SOURCE MATERIAL =
--

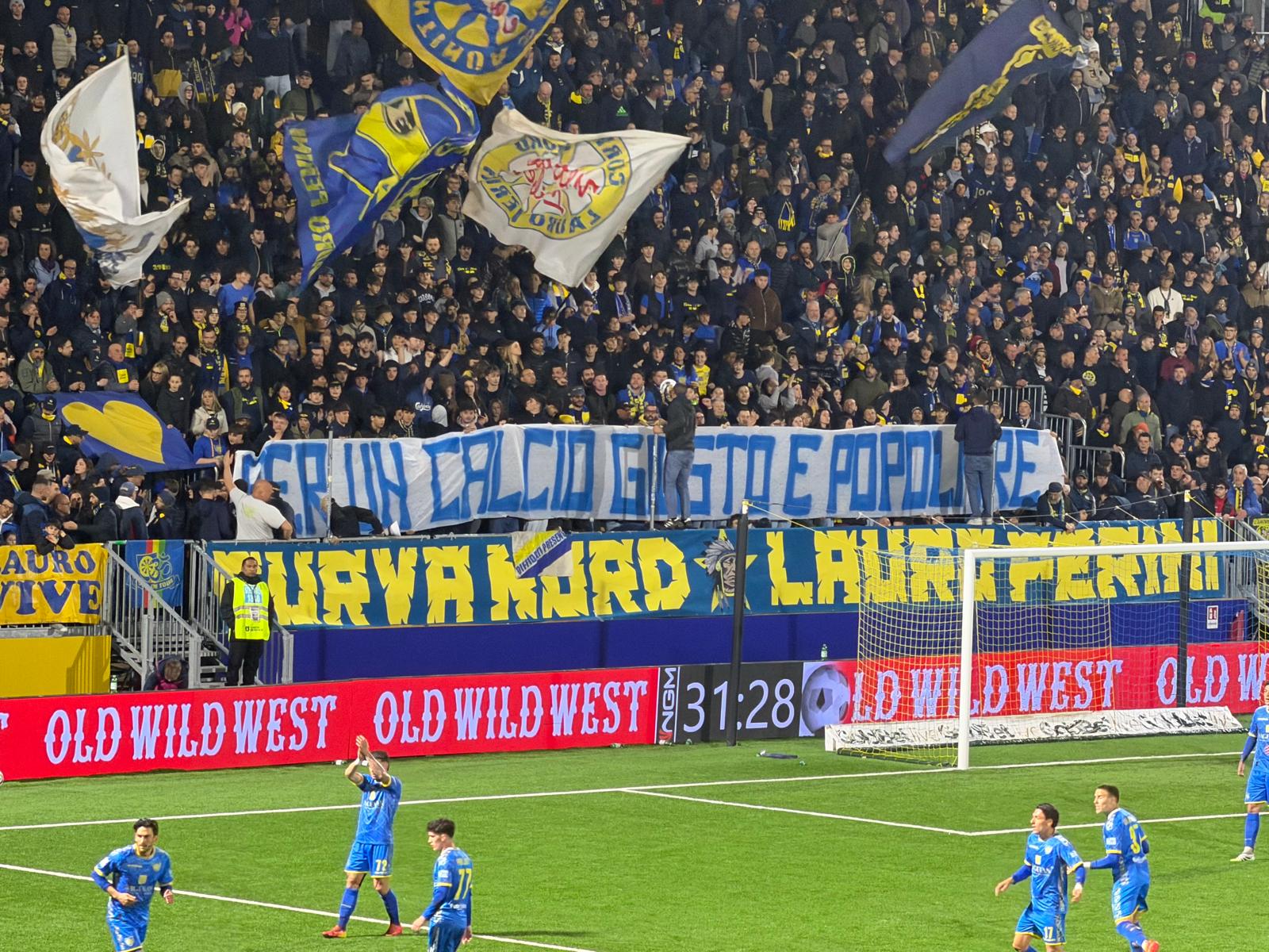 Appena prima della partita, in un settore ospiti non del tutto pieno nonostante i biglietti esauriti, è apparso uno striscione che recitava “Osservatorio la spunti sempre…”, come ad ammettere la sconfitta nei confronti delle Autorità di Pubblica Sicurezza.
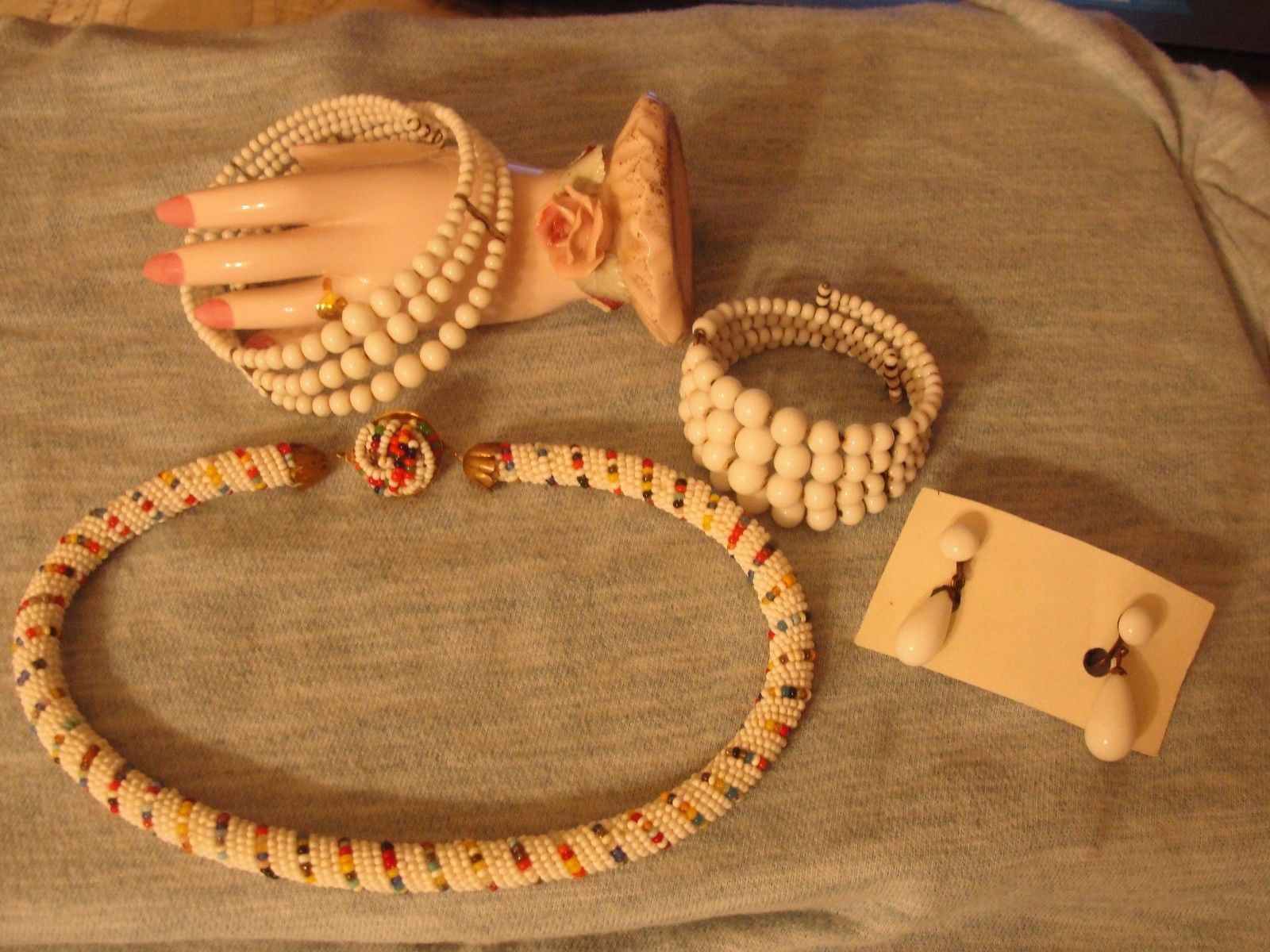 Title (ebay affiliate link): VINTAGE LOT OF 4 WHITE MILK GLASS BEADED NECKLACES BRACELET AND EARRINGS
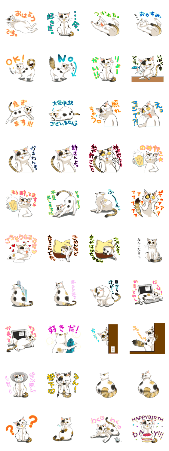 三毛猫ゆき千代 a-machine コメントをどうぞ 「猫あるある」を若干交えた日常会話とアンニュイ表情スタンプ。スタンプ会話のネタにもどうぞ♪ このスタンプどう思う?!↓クリックで投票♪好き (0)かわいい (0)かっこいい (0)おもしろい (0)使いやすそう (0)欲しい (0)萌え (0)ほっこりする (0)おしゃれ (0)ゆるい (0)こわい (0)ウザい (0)キモい (0)ムカつく (0)持ってる (0)癒される (0)セクシー (0)個性的 (0)私は買わない (0)誰かプレゼントして! (0) 購入・プレゼントする Facebookでシェア Twitterでシェア

--

WORK INSTRUCTION =
Give back the whole listing exactly as written. Do not include any picture.

WRITTEN SOLUTION =
 Appena prima della partita, in un settore ospiti non del tutto pieno nonostante i biglietti esauriti, è apparso uno striscione che recitava “Osservatorio la spunti sempre…”, come ad ammettere la sconfitta nei confronti delle Autorità di Pubblica Sicurezza.
 Title (ebay affiliate link): VINTAGE LOT OF 4 WHITE MILK GLASS BEADED NECKLACES BRACELET AND EARRINGS
 三毛猫ゆき千代 a-machine コメントをどうぞ 「猫あるある」を若干交えた日常会話とアンニュイ表情スタンプ。スタンプ会話のネタにもどうぞ♪ このスタンプどう思う?!↓クリックで投票♪好き (0)かわいい (0)かっこいい (0)おもしろい (0)使いやすそう (0)欲しい (0)萌え (0)ほっこりする (0)おしゃれ (0)ゆるい (0)こわい (0)ウザい (0)キモい (0)ムカつく (0)持ってる (0)癒される (0)セクシー (0)個性的 (0)私は買わない (0)誰かプレゼントして! (0) 購入・プレゼントする Facebookでシェア Twitterでシェア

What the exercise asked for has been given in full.